Please restate the data word for word, in full.

--

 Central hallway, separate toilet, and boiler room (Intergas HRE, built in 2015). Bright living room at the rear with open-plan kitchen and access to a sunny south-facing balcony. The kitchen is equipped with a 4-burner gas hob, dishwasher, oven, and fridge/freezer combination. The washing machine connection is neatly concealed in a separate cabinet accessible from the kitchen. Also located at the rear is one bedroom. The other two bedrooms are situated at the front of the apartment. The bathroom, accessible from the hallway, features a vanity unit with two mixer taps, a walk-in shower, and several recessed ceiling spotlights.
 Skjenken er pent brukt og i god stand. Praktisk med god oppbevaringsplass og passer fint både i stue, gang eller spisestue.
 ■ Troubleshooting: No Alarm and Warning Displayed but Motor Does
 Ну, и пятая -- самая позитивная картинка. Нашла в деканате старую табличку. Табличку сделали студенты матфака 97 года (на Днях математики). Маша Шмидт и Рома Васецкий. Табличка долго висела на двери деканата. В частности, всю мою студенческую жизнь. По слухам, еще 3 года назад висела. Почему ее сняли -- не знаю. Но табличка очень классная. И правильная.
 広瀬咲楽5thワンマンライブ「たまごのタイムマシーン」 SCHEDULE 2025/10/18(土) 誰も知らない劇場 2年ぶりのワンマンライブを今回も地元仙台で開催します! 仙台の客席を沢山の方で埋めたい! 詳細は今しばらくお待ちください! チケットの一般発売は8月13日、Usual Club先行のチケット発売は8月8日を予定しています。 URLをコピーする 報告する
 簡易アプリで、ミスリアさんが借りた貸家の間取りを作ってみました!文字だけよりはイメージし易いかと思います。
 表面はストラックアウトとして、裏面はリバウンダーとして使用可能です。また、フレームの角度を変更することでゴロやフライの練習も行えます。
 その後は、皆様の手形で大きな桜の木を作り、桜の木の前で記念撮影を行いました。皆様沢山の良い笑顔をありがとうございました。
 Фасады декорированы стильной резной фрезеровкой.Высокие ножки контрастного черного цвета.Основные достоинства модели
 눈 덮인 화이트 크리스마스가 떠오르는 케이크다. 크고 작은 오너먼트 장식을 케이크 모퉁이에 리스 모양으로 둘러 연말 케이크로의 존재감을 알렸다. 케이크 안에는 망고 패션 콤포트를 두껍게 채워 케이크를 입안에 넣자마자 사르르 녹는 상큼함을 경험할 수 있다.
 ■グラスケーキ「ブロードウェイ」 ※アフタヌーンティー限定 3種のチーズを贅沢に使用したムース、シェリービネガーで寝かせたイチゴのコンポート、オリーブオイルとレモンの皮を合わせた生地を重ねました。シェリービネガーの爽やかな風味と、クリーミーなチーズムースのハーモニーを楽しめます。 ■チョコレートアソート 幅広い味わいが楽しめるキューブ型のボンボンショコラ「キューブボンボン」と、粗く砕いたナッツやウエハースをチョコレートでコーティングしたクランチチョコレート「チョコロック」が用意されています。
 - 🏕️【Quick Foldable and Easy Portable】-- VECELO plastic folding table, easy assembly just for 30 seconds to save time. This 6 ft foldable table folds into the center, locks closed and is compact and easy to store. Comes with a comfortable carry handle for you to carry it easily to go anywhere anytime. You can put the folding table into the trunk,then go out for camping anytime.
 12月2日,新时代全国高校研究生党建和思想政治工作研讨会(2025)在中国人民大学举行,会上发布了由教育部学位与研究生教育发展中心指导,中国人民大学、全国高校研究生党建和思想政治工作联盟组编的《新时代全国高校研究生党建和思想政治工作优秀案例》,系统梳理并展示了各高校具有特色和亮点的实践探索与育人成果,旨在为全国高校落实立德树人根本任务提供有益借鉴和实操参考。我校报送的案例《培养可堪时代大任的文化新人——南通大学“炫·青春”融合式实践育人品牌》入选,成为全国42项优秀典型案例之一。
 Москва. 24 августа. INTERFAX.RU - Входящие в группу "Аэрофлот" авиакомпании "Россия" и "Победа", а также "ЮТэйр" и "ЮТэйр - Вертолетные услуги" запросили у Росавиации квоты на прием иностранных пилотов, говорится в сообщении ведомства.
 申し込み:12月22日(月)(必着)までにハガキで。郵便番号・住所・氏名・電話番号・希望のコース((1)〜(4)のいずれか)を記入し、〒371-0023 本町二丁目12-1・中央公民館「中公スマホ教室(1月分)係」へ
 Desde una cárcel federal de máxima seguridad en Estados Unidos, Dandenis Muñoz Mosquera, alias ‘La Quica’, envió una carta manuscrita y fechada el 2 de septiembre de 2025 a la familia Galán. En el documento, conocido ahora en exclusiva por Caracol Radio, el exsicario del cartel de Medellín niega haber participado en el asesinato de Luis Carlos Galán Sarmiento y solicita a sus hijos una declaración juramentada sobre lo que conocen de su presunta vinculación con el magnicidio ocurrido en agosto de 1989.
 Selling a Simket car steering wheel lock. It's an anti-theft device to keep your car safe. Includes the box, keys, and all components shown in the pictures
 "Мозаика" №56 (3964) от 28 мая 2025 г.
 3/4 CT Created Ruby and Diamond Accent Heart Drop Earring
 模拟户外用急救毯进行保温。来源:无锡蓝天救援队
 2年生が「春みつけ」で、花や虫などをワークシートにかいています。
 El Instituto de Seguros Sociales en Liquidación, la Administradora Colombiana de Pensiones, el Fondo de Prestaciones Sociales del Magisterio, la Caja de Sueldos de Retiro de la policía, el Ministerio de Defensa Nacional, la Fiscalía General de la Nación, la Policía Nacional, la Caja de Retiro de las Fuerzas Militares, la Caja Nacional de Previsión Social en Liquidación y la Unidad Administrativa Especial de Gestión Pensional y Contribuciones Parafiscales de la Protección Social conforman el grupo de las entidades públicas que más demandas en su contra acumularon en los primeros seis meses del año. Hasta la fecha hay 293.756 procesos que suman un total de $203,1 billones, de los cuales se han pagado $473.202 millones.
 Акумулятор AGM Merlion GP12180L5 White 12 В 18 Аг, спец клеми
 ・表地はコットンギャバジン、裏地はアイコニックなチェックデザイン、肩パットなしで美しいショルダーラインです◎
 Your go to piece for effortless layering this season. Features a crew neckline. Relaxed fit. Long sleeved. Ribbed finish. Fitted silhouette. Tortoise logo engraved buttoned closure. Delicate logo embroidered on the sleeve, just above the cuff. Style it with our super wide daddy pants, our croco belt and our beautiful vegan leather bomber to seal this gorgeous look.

--

Answer
 Central hallway, separate toilet, and boiler room (Intergas HRE, built in 2015). Bright living room at the rear with open-plan kitchen and access to a sunny south-facing balcony. The kitchen is equipped with a 4-burner gas hob, dishwasher, oven, and fridge/freezer combination. The washing machine connection is neatly concealed in a separate cabinet accessible from the kitchen. Also located at the rear is one bedroom. The other two bedrooms are situated at the front of the apartment. The bathroom, accessible from the hallway, features a vanity unit with two mixer taps, a walk-in shower, and several recessed ceiling spotlights.
 Skjenken er pent brukt og i god stand. Praktisk med god oppbevaringsplass og passer fint både i stue, gang eller spisestue.
 ■ Troubleshooting: No Alarm and Warning Displayed but Motor Does
 Ну, и пятая -- самая позитивная картинка. Нашла в деканате старую табличку. Табличку сделали студенты матфака 97 года (на Днях математики). Маша Шмидт и Рома Васецкий. Табличка долго висела на двери деканата. В частности, всю мою студенческую жизнь. По слухам, еще 3 года назад висела. Почему ее сняли -- не знаю. Но табличка очень классная. И правильная.
 広瀬咲楽5thワンマンライブ「たまごのタイムマシーン」 SCHEDULE 2025/10/18(土) 誰も知らない劇場 2年ぶりのワンマンライブを今回も地元仙台で開催します! 仙台の客席を沢山の方で埋めたい! 詳細は今しばらくお待ちください! チケットの一般発売は8月13日、Usual Club先行のチケット発売は8月8日を予定しています。 URLをコピーする 報告する
 簡易アプリで、ミスリアさんが借りた貸家の間取りを作ってみました!文字だけよりはイメージし易いかと思います。
 表面はストラックアウトとして、裏面はリバウンダーとして使用可能です。また、フレームの角度を変更することでゴロやフライの練習も行えます。
 その後は、皆様の手形で大きな桜の木を作り、桜の木の前で記念撮影を行いました。皆様沢山の良い笑顔をありがとうございました。
 Фасады декорированы стильной резной фрезеровкой.Высокие ножки контрастного черного цвета.Основные достоинства модели
 눈 덮인 화이트 크리스마스가 떠오르는 케이크다. 크고 작은 오너먼트 장식을 케이크 모퉁이에 리스 모양으로 둘러 연말 케이크로의 존재감을 알렸다. 케이크 안에는 망고 패션 콤포트를 두껍게 채워 케이크를 입안에 넣자마자 사르르 녹는 상큼함을 경험할 수 있다.
 ■グラスケーキ「ブロードウェイ」 ※アフタヌーンティー限定 3種のチーズを贅沢に使用したムース、シェリービネガーで寝かせたイチゴのコンポート、オリーブオイルとレモンの皮を合わせた生地を重ねました。シェリービネガーの爽やかな風味と、クリーミーなチーズムースのハーモニーを楽しめます。 ■チョコレートアソート 幅広い味わいが楽しめるキューブ型のボンボンショコラ「キューブボンボン」と、粗く砕いたナッツやウエハースをチョコレートでコーティングしたクランチチョコレート「チョコロック」が用意されています。
 - 🏕️【Quick Foldable and Easy Portable】-- VECELO plastic folding table, easy assembly just for 30 seconds to save time. This 6 ft foldable table folds into the center, locks closed and is compact and easy to store. Comes with a comfortable carry handle for you to carry it easily to go anywhere anytime. You can put the folding table into the trunk,then go out for camping anytime.
 12月2日,新时代全国高校研究生党建和思想政治工作研讨会(2025)在中国人民大学举行,会上发布了由教育部学位与研究生教育发展中心指导,中国人民大学、全国高校研究生党建和思想政治工作联盟组编的《新时代全国高校研究生党建和思想政治工作优秀案例》,系统梳理并展示了各高校具有特色和亮点的实践探索与育人成果,旨在为全国高校落实立德树人根本任务提供有益借鉴和实操参考。我校报送的案例《培养可堪时代大任的文化新人——南通大学“炫·青春”融合式实践育人品牌》入选,成为全国42项优秀典型案例之一。
 Москва. 24 августа. INTERFAX.RU - Входящие в группу "Аэрофлот" авиакомпании "Россия" и "Победа", а также "ЮТэйр" и "ЮТэйр - Вертолетные услуги" запросили у Росавиации квоты на прием иностранных пилотов, говорится в сообщении ведомства.
 申し込み:12月22日(月)(必着)までにハガキで。郵便番号・住所・氏名・電話番号・希望のコース((1)〜(4)のいずれか)を記入し、〒371-0023 本町二丁目12-1・中央公民館「中公スマホ教室(1月分)係」へ
 Desde una cárcel federal de máxima seguridad en Estados Unidos, Dandenis Muñoz Mosquera, alias ‘La Quica’, envió una carta manuscrita y fechada el 2 de septiembre de 2025 a la familia Galán. En el documento, conocido ahora en exclusiva por Caracol Radio, el exsicario del cartel de Medellín niega haber participado en el asesinato de Luis Carlos Galán Sarmiento y solicita a sus hijos una declaración juramentada sobre lo que conocen de su presunta vinculación con el magnicidio ocurrido en agosto de 1989.
 Selling a Simket car steering wheel lock. It's an anti-theft device to keep your car safe. Includes the box, keys, and all components shown in the pictures
 "Мозаика" №56 (3964) от 28 мая 2025 г.
 3/4 CT Created Ruby and Diamond Accent Heart Drop Earring
 模拟户外用急救毯进行保温。来源:无锡蓝天救援队
 2年生が「春みつけ」で、花や虫などをワークシートにかいています。
 El Instituto de Seguros Sociales en Liquidación, la Administradora Colombiana de Pensiones, el Fondo de Prestaciones Sociales del Magisterio, la Caja de Sueldos de Retiro de la policía, el Ministerio de Defensa Nacional, la Fiscalía General de la Nación, la Policía Nacional, la Caja de Retiro de las Fuerzas Militares, la Caja Nacional de Previsión Social en Liquidación y la Unidad Administrativa Especial de Gestión Pensional y Contribuciones Parafiscales de la Protección Social conforman el grupo de las entidades públicas que más demandas en su contra acumularon en los primeros seis meses del año. Hasta la fecha hay 293.756 procesos que suman un total de $203,1 billones, de los cuales se han pagado $473.202 millones.
 Акумулятор AGM Merlion GP12180L5 White 12 В 18 Аг, спец клеми
 ・表地はコットンギャバジン、裏地はアイコニックなチェックデザイン、肩パットなしで美しいショルダーラインです◎
 Your go to piece for effortless layering this season. Features a crew neckline. Relaxed fit. Long sleeved. Ribbed finish. Fitted silhouette. Tortoise logo engraved buttoned closure. Delicate logo embroidered on the sleeve, just above the cuff. Style it with our super wide daddy pants, our croco belt and our beautiful vegan leather bomber to seal this gorgeous look.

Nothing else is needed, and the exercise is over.